## INFORMATION PROVIDED:
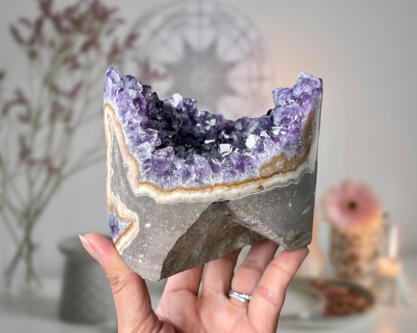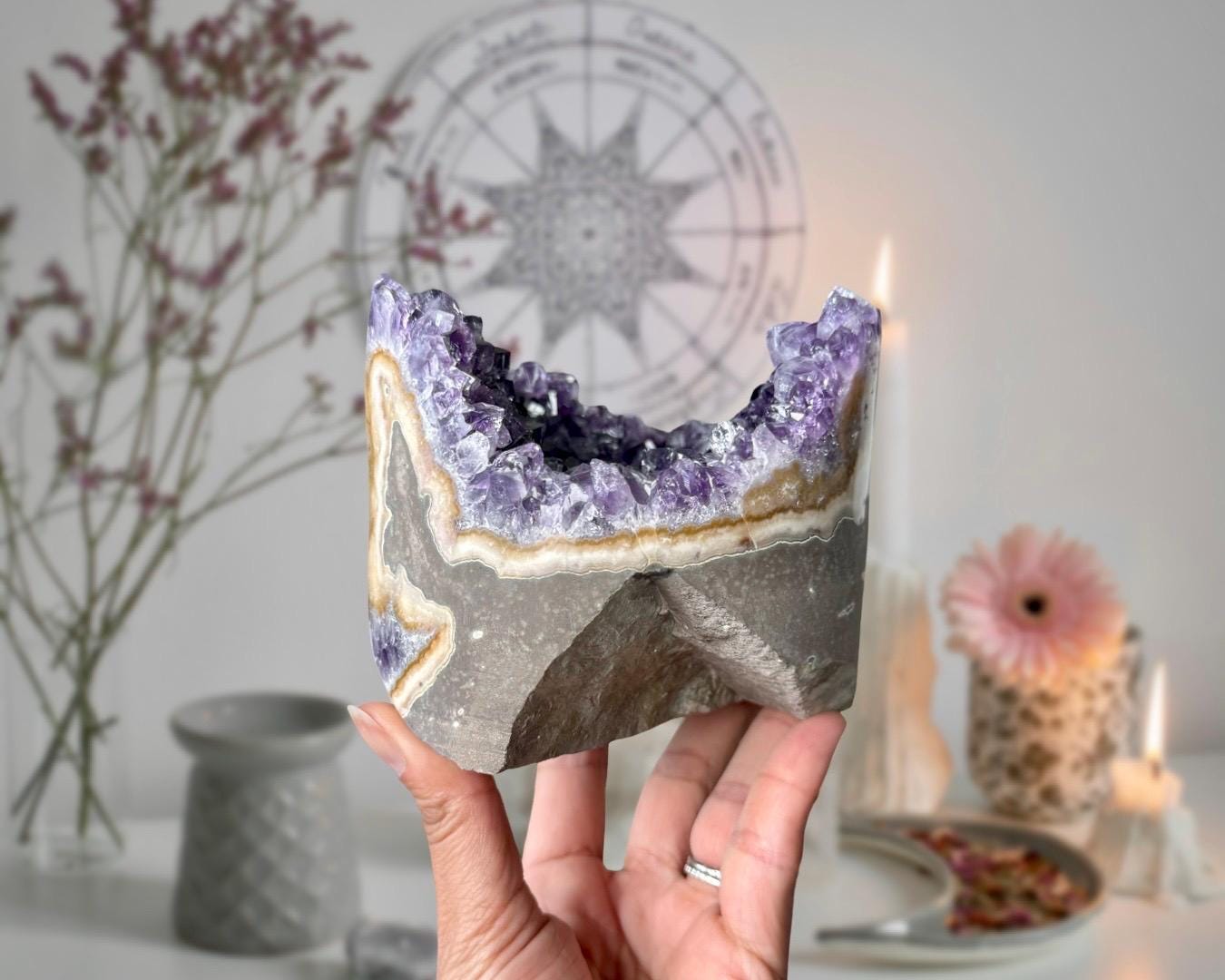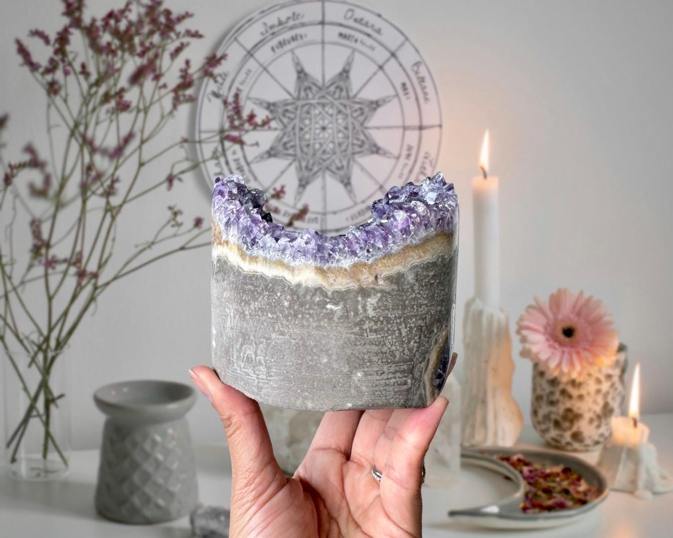 Enjoy the beauty of an Amethyst Cluster Cylinder with polished edges and a cut base for easy displaying! As a healing stone, Amethyst is helpful with calming an overworked and over stressed mind. It dispels negativity and creates a peaceful environment, making it a wonderful piece to add to your home decor.
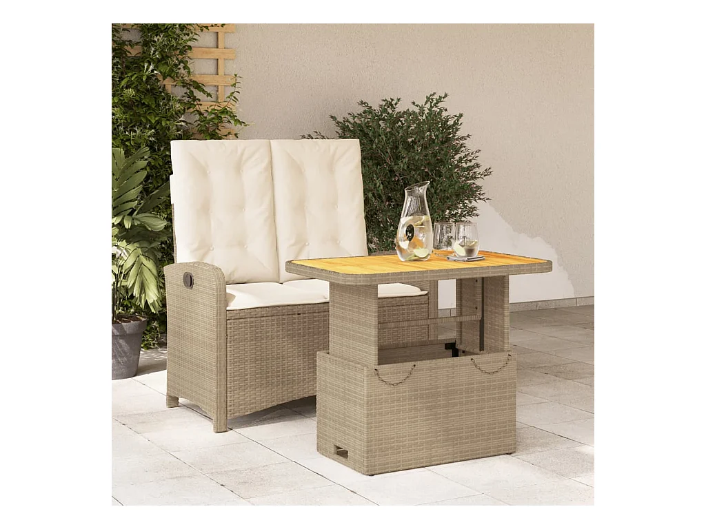 Ensemble à manger de jardin et coussins 2 pcs beige poly rotin FR17774
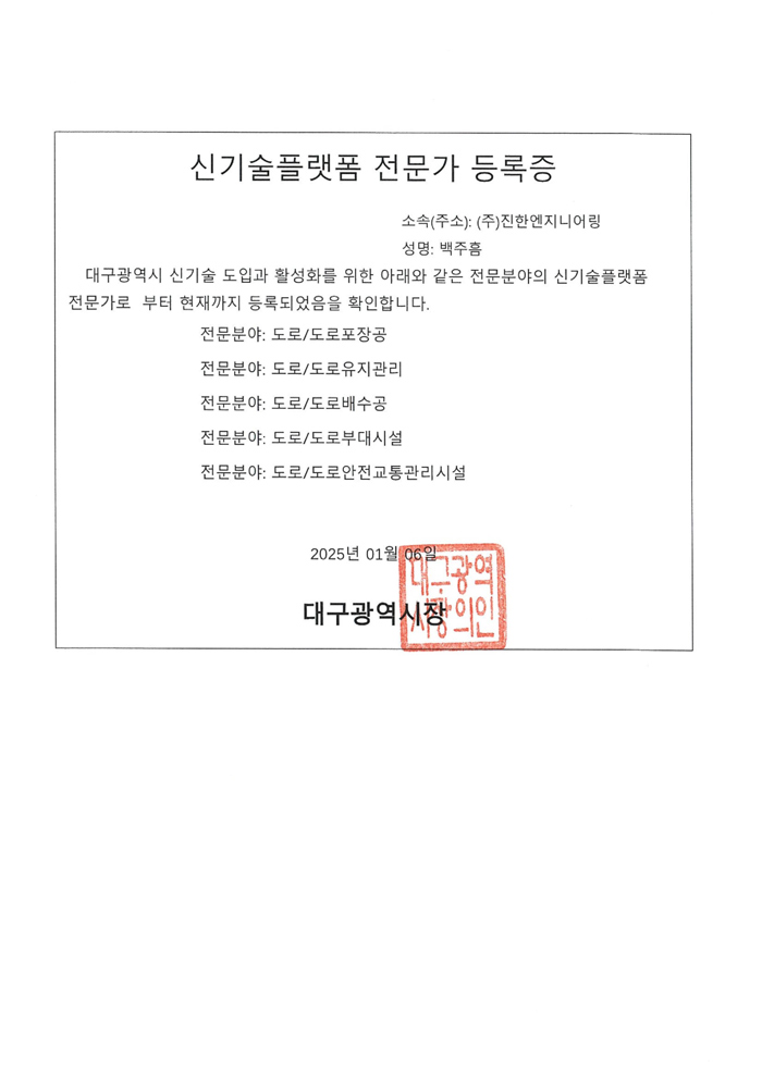 대구광역시 신기술플랫폼전문가 등록증

## WHAT YOU NEED TO DO:
Reproduce the listing above exactly, excluding all pictures.

## YOUR RESPONSE:
 Enjoy the beauty of an Amethyst Cluster Cylinder with polished edges and a cut base for easy displaying! As a healing stone, Amethyst is helpful with calming an overworked and over stressed mind. It dispels negativity and creates a peaceful environment, making it a wonderful piece to add to your home decor.
 Ensemble à manger de jardin et coussins 2 pcs beige poly rotin FR17774
 대구광역시 신기술플랫폼전문가 등록증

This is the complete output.